23. A method according to claim 22, wherein said receiving shifted acknowledgement information is performed by receiving said acknowledgement information appended to further acknowledgement information within said time slot which differs from the time slot in which said timing information is received.

24. A method according to claim 22,

wherein said receiving shifted acknowledgement information is performed by receiving said acknowledgement information bundled with said further acknowledgement information within said time slot which differs from the time slot in which said timing information is received, further comprising :

extracting said acknowledgement information and said further acknowledgement information bundled with each other.

25. A computer program product comprising computer-executable components which, when executed on a computer, are configured to communicate, based on time slots, in a carrier aggregation mode aggregating a primary and at least one secondary carrier, and

to control transmission of acknowledgement information confirming receipt of payload data at the device and being transmitted in a first control channel using one of the carriers,

to control transmission of timing information indicating a transmission timing of the device in a second control channel using one of the carriers, to determine whether transmission of acknowledgement information and transmission of timing information are scheduled to take place within the same time slot,

to control transmission of said first channel and of said second channel to take place on different carriers, if it is determined by said determination means that transmission of acknowledgement information and transmission of timing information are not scheduled to take place within the same time slot, and

to shift said transmission of acknowledgement information, when it is determined by said determination means that transmission of acknowledgement information and transmission of timing information are scheduled to take place within the same time slot.

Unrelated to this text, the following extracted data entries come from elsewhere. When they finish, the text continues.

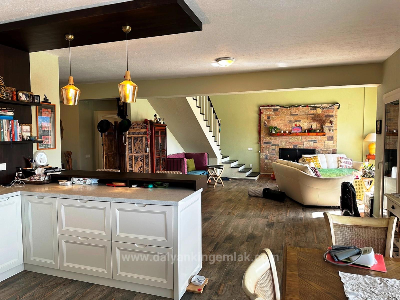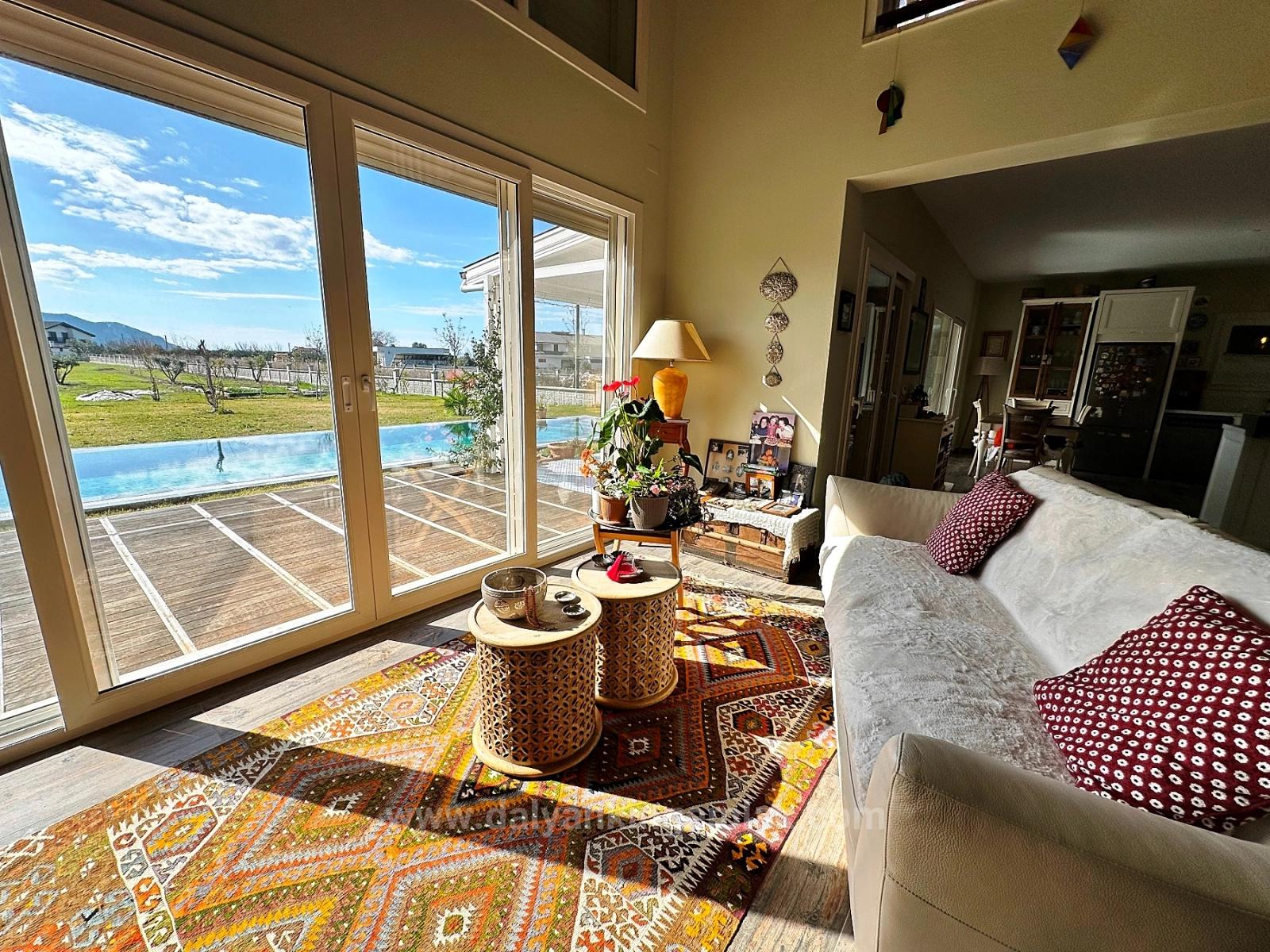 Located in the prestigious Maraş region of Dalyan, on a quiet and little-used road, this unique villa is a completely private detached living space designed according to the high standards and personal vision of its owners. Although it is only about a pleasant 15-minute walk from the city center, here you feel completely detached from daily life and the crowds, in the heart of nature, in a world of your own. The spacious grounds surrounding the villa and the impressive mountain views strongly convey this feeling from the first moment.
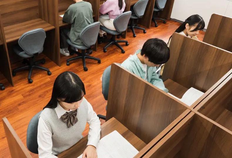 パーテーションで仕切られた自習室を完備し、落ち着いて勉強に集中できる環境を整えています。受講していない教科でも先生に質問することができるので、授業の予習・復習や学校の課題がはかどります。新年度体験講座の期間中、いつでも利用できます。
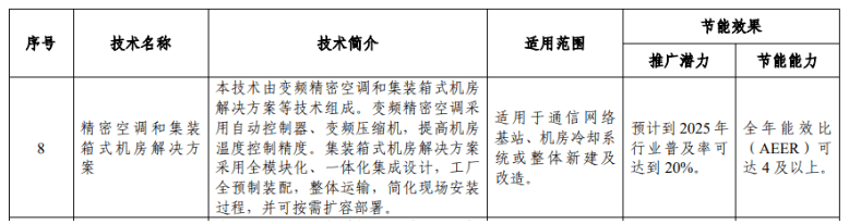 近日,工業和信息化部發布了《國家工業和信息化領域節能技術裝備推薦目錄(2022年版)》(以下簡稱“推薦目錄”)。推薦目錄分為工業節能技術、信息化領域節能技術和高效節能裝備三大類,包含工業節能技術11項,信息化領域節能技術3項,高效節能裝備8項。其中,海悟變頻精密機房空調、集裝箱數據中心和變頻精密基站空調,憑借高能效、高可靠、智能化的優勢成功入選該目錄,充分展示了海悟產品在通信領域的技術創新能力、設計研發能力以及相關實踐應用能力的高度認可,更是對促進科技實力和綜合實力躍上新臺階的重要體現。
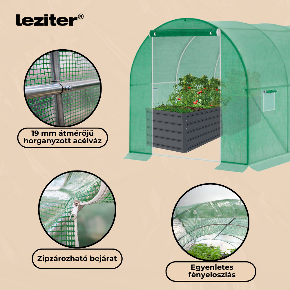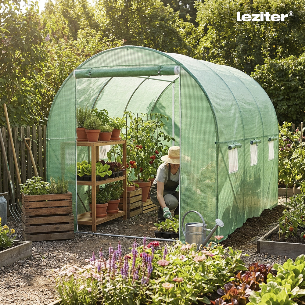 Solarul de grădină Leziter este soluția practică pentru cultivarea legumelor, răsadurilor, fructelor sau plantelor ornamentale în condiții mai bine controlate. Cu un design tip tunel, acest solar cu folie ajută la menținerea unui microclimat favorabil, protejând culturile de vânt, ploi ușoare, insecte și variații de temperatură.
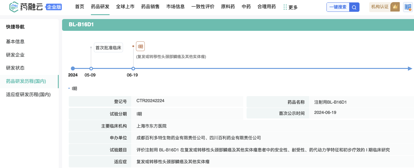 https://data.eastmoney.com/notices/detail/688506/AN202406211636769946.html;Ma Y, Huang Y, Zhao Y, Zhao S, Xue J, Yang Y, Fang W, Guo Y, Han Y, Yang K, Li Y, Yang J, Fu Z, Chen G, Chen L, Zhou N, Zhou T, Zhang Y, Zhou H, Liu Q, Zhu Y, Zhu H, Xiao S, Zhang L, Zhao H. BL-B01D1, a first-in-class EGFR-HER3 bispecific antibody-drug conjugate, in patients with locally advanced or metastatic solid tumours: a first-in-human, open-label, multicentre, phase 1 study. Lancet Oncol. 2024 May 29:S1470-2045(24)00159-1. doi: 10.1016/S1470-2045(24)00159-1. Epub ahead of print. PMID: 38823410;等等。
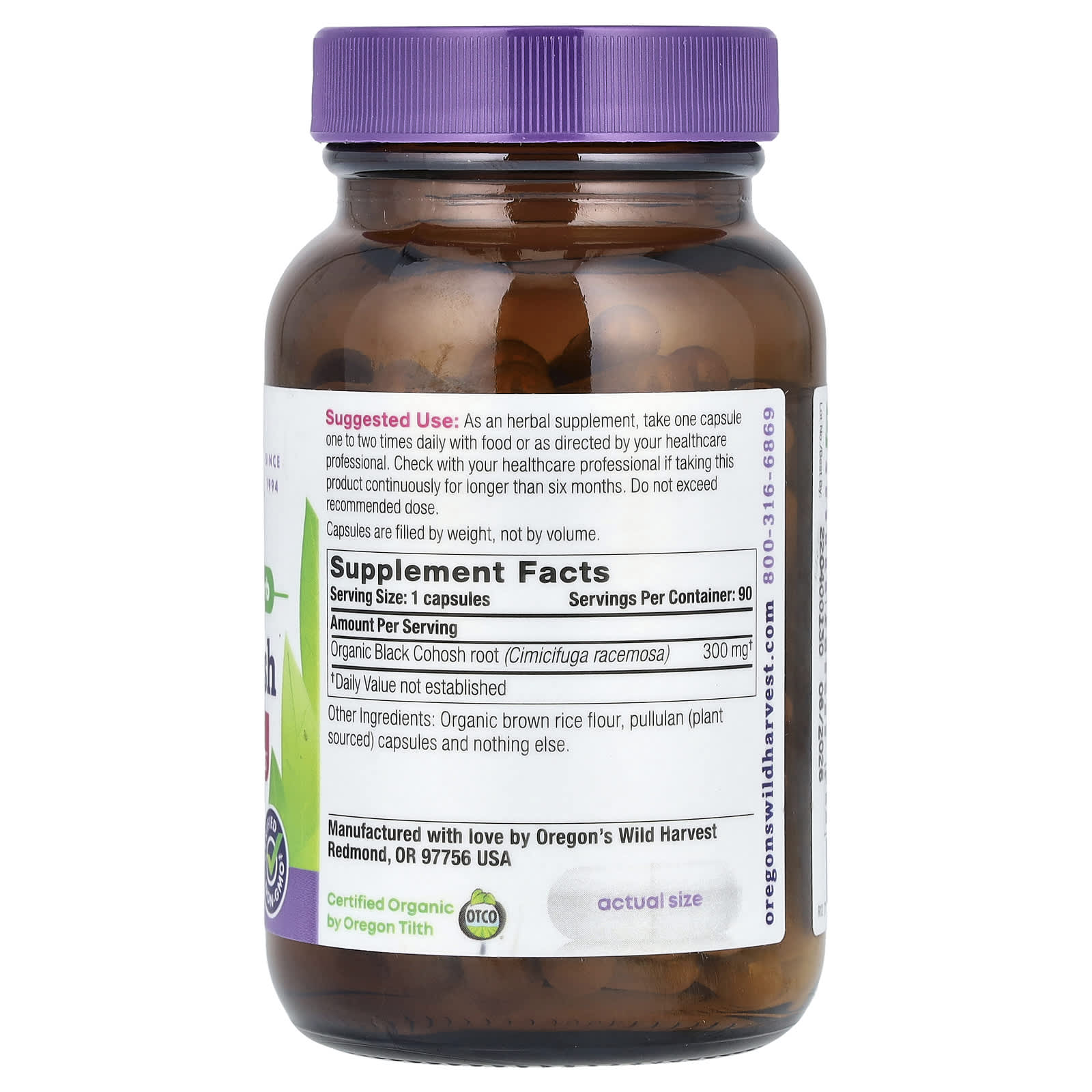 *Some information on the Oregon's Wild Harvest, Black Cohosh, 90 Vegan Capsuleslabel may be missing, or it may have been written incorrectly. We work hard to keep the information accurate & up to date. Please let us know if you discover any errors.
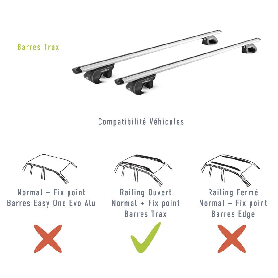 - Kit compatible avec les véhicules équipées de barres de toit intégrées
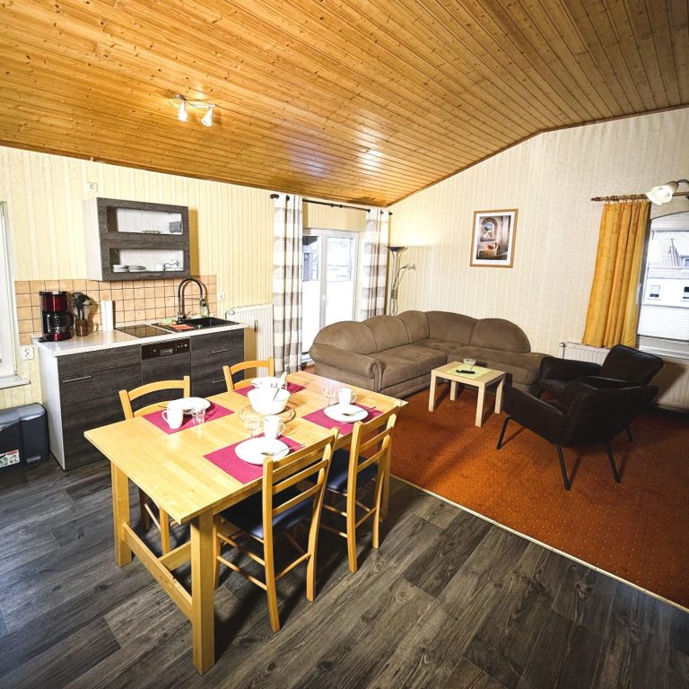 Der offene Wohn- und Essbereich mit Schlafsofa und gemütlicher Sitzgelegenheit lädt zum Entspannen ein. Die integrierte Küche ist umfangreich ausgestattet mit Kühlschrank, Backofen, 2 Kochfeldern, Mikrowelle, Kaffeemaschine, Toaster, Geschirrspüler und Geschirr. Das moderne Badezimmer verfügt über Dusche, WC, Fön und zusätzlich eine Waschmaschine.
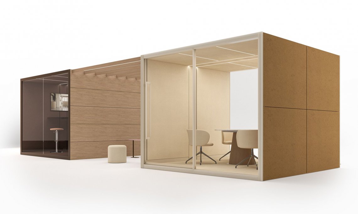 The meeting room version can accommodate tables for meetings or conference calls, monitors and whiteboards.
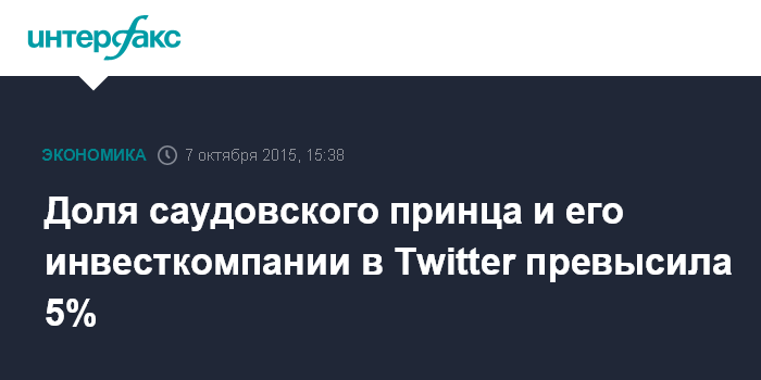 Москва. 7 октября. INTERFAX.RU – Саудовский принц аль-Валид ибн Талал и принадлежащая ему инвесткомпания Kingdom Holdings увеличили долю в Twitter до более 5%, сообщает агентство Bloomberg со ссылкой на сообщение, полученное из офиса принца.
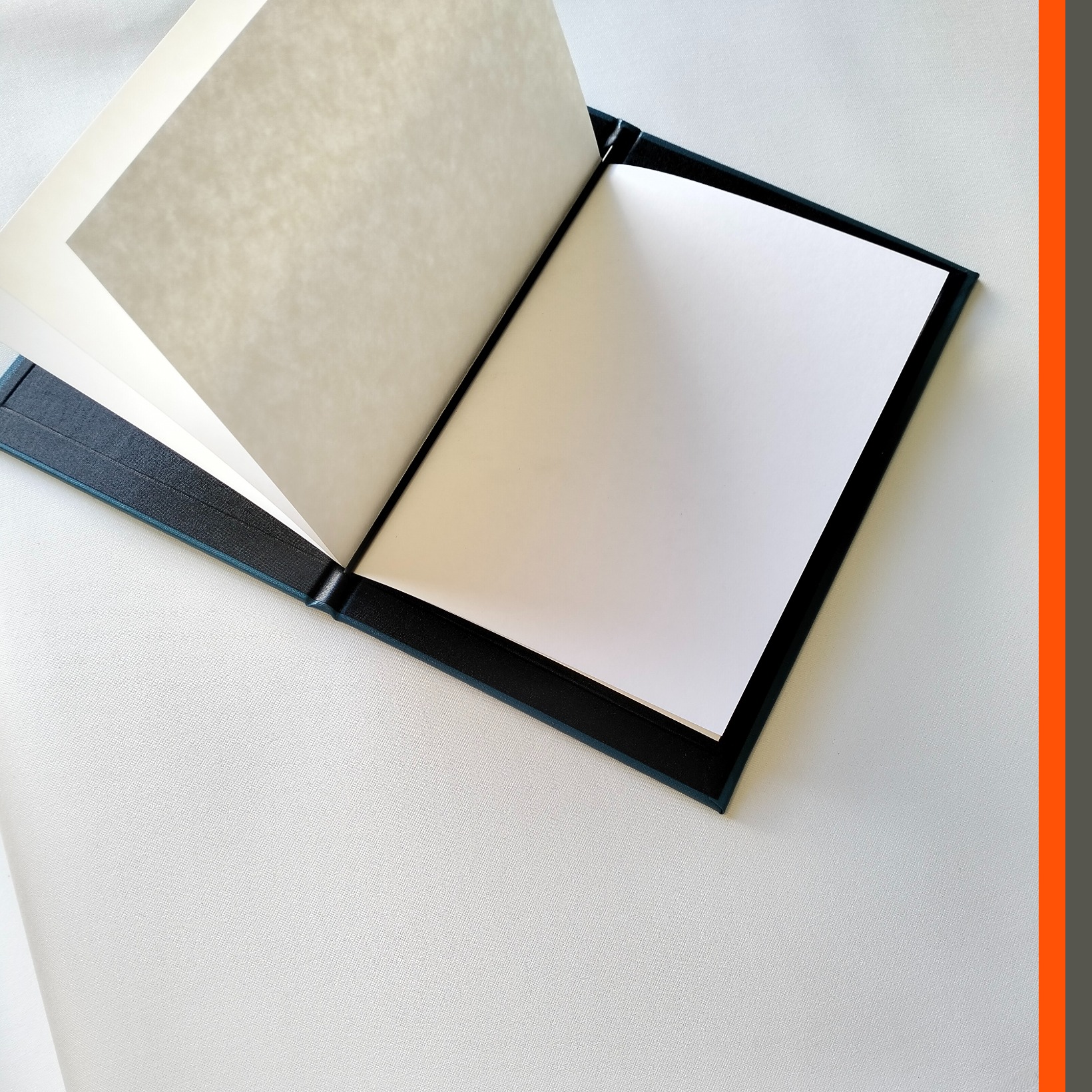 - binding: carbon fibre rod binding for A4 sheets folded to A5 portrait menu presentation
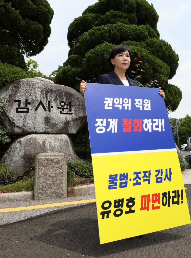 1인 시위하는 전현희 전현희 국민권익위원장이 9일 감사원의 감사결과보고서 발표 전 감사원 앞에서 1인 시위를 하고 있다. 뉴시스
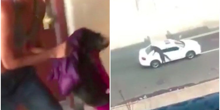 Suddenly, the 19-year-old tosses the cat out of a balcony window and sends it flying across the air.
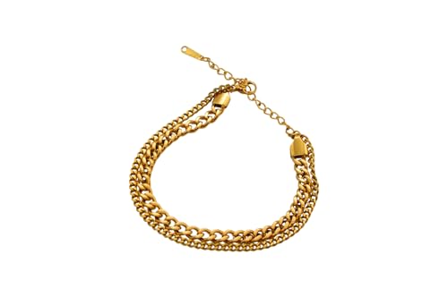 Generic - سوار للنساء من الستانلس ستيل بتصميم متعدد الطبقات مع مشبك لوبستر، مقاس واحد - ذهبي FA103
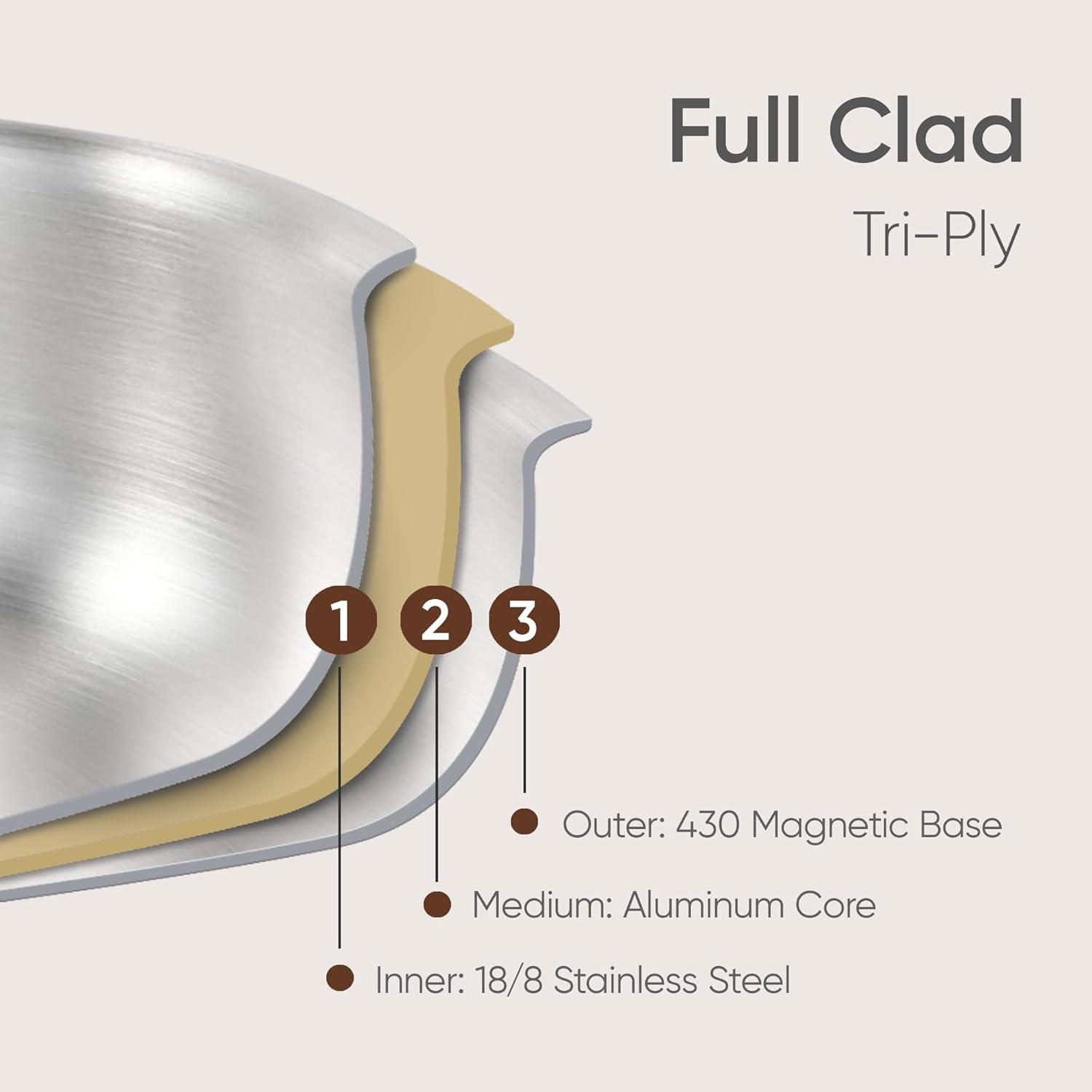 【Versatile for All Stovetops】The Carote stainless steel deep frying pan is compatible with all stovetop types, including gas, induction, ceramic, and electric, and can be used for frying, stir-frying, steaming, baking, and grilling.

26. A computer program product, comprising computer-executable components which, when executed on a computer, are configured to communicate, based on time slots, in a carrier aggregation mode aggregating a primary and at least one secondary carrier, and

to control receiving of acknowledgement information indicating success of transmission of payload data transmitted by the device and being received in a first control channel using one of the carriers,

to control receiving of timing information indicating a propagation delay in a second control channel using one of the carriers,

to estimate whether receiving of acknowledgement information and receiving of timing information are scheduled to take place within the same time slot,

to control receiving of said first channel and of said second channel to take place on different carriers, if it is estimated by said estimation means that receiving of acknowledgement information and receiving of timing information are not scheduled to take place within the same time slot, and to receive shifted acknowledgement information, if it is estimated by said estimation means that receiving of acknowledgement information and receiving of timing information are scheduled to take place within the same time slot.